Study material -
<<<<
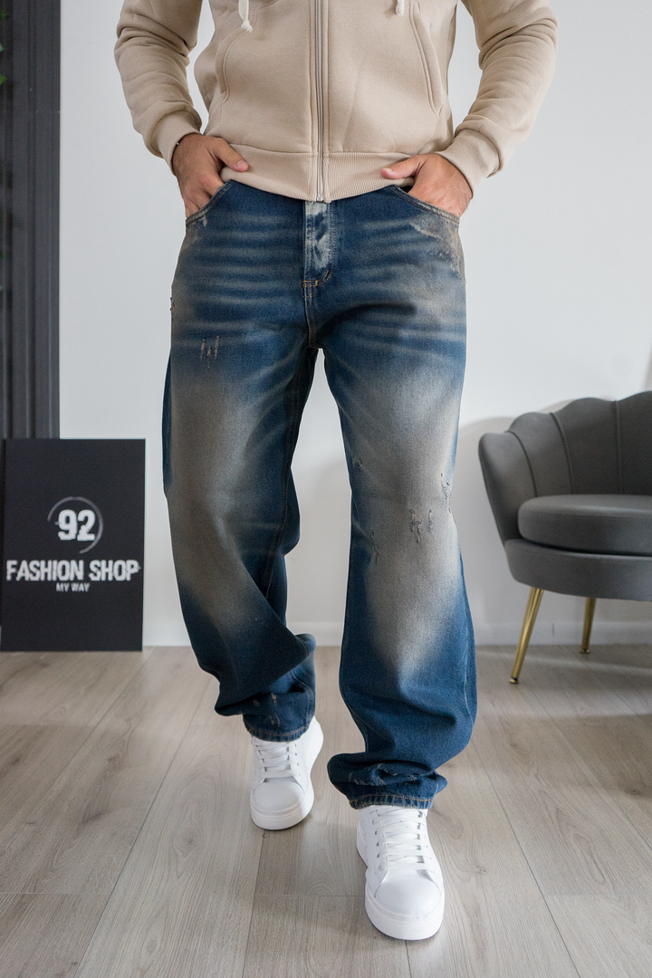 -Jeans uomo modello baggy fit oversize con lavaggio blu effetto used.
>>>>
<<<<
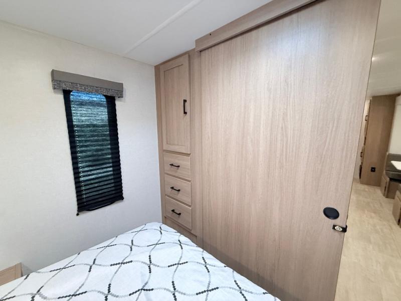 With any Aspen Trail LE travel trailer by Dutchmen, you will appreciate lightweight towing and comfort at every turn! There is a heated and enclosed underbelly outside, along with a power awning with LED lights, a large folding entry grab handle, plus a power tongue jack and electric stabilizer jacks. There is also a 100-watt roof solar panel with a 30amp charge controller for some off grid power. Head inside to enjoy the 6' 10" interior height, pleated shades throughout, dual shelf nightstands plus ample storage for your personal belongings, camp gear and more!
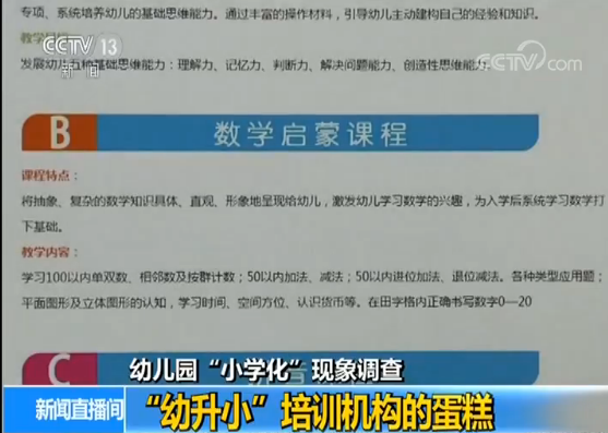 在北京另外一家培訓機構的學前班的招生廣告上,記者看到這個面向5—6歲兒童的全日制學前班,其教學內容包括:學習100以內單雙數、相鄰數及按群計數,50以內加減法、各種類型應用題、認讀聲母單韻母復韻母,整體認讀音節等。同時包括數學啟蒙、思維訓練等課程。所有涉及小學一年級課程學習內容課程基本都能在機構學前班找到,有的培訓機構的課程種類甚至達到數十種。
>>>>
Task -
Given the listing above, retype only the span of lines from the line with "With any Aspen" up to and including the line with "在北京另外一家培訓機構的學前", exactly as it stands and without pictures.

The answer -
 With any Aspen Trail LE travel trailer by Dutchmen, you will appreciate lightweight towing and comfort at every turn! There is a heated and enclosed underbelly outside, along with a power awning with LED lights, a large folding entry grab handle, plus a power tongue jack and electric stabilizer jacks. There is also a 100-watt roof solar panel with a 30amp charge controller for some off grid power. Head inside to enjoy the 6' 10" interior height, pleated shades throughout, dual shelf nightstands plus ample storage for your personal belongings, camp gear and more!
 在北京另外一家培訓機構的學前班的招生廣告上,記者看到這個面向5—6歲兒童的全日制學前班,其教學內容包括:學習100以內單雙數、相鄰數及按群計數,50以內加減法、各種類型應用題、認讀聲母單韻母復韻母,整體認讀音節等。同時包括數學啟蒙、思維訓練等課程。所有涉及小學一年級課程學習內容課程基本都能在機構學前班找到,有的培訓機構的課程種類甚至達到數十種。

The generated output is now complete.